Although Bush told Kay to take his time, the president (and Karl Rove) may grow impatient if they glance at recent poll numbers. In a Democracy Corps poll conducted by Greenberg Quinlan Rosner last week, his ratings are still going down -- and that appears to be directly related to increasing public doubts about his Iraq policy. According to Ruy Teixeira's summary:

"Right now, 47 percent say they cannot trust what Bush is saying about weapons of mass destruction (WMDs) in Iraq, up 7 points in one month. And 52 percent agree Bush did not adequately plan for the postwar Iraq situation and doesn't have a plan to win the peace and bring the troops home."

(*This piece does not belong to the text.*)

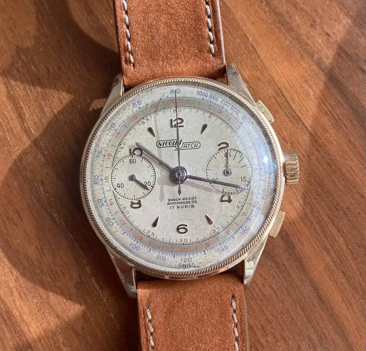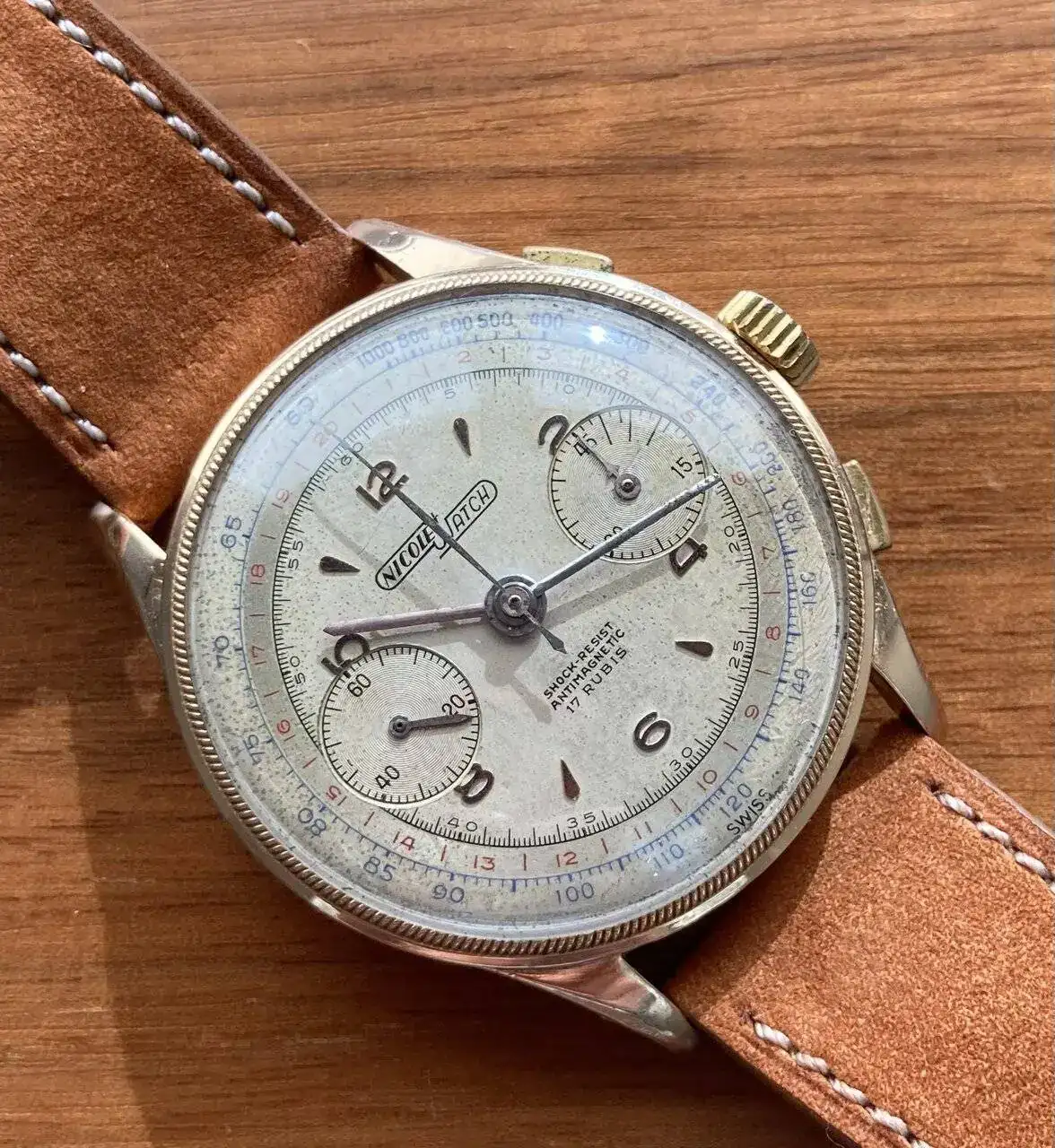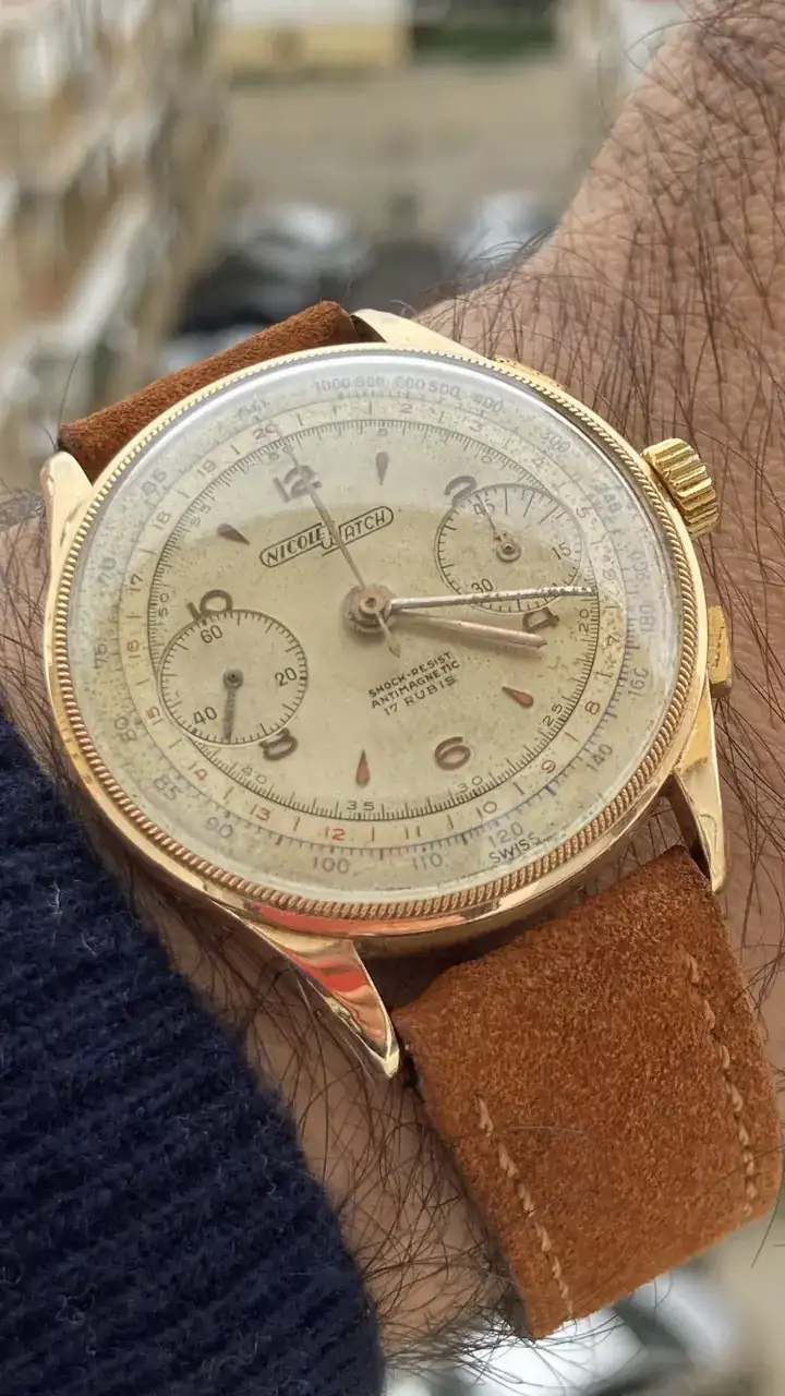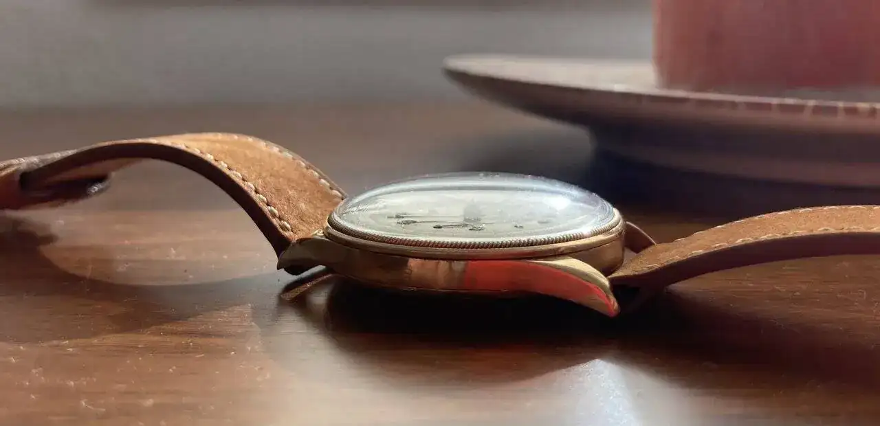 El protagonista de este hilo, presenta una caja de oro sólido de 18k, y aunque las condiciones de las asas no son las mejores en cuanto a golpes se refiere, la forma dentada del bisel y la pátina del dial, hicieron que esto pasara a un segundo plano.

A strong editorial in the Minneapolis Star-Tribune warns that those doubts may carry a political price for those who used frightening pretexts to advance their policy ambitions:

"The neocon foreign policy agenda got neither a thorough vetting nor public explication -- because its authors apparently thought the American people wouldn't understand it or wouldn't buy it. Instead, the neocons pulled a classic, and very arrogant, bait and switch. Sooner or later, they're going to pay for it."

"Exaggerate-gate?"
"Exaggergate" is much the better name for the scandalously misleading run-up to the war, as many readers instantly wrote to point out. I regret that my hasty typing did literary violence to the moniker (which came from an Oklahoma City reader). Somebody else sent in another suggestion that may turn out to be even more apt: "Prevarigate."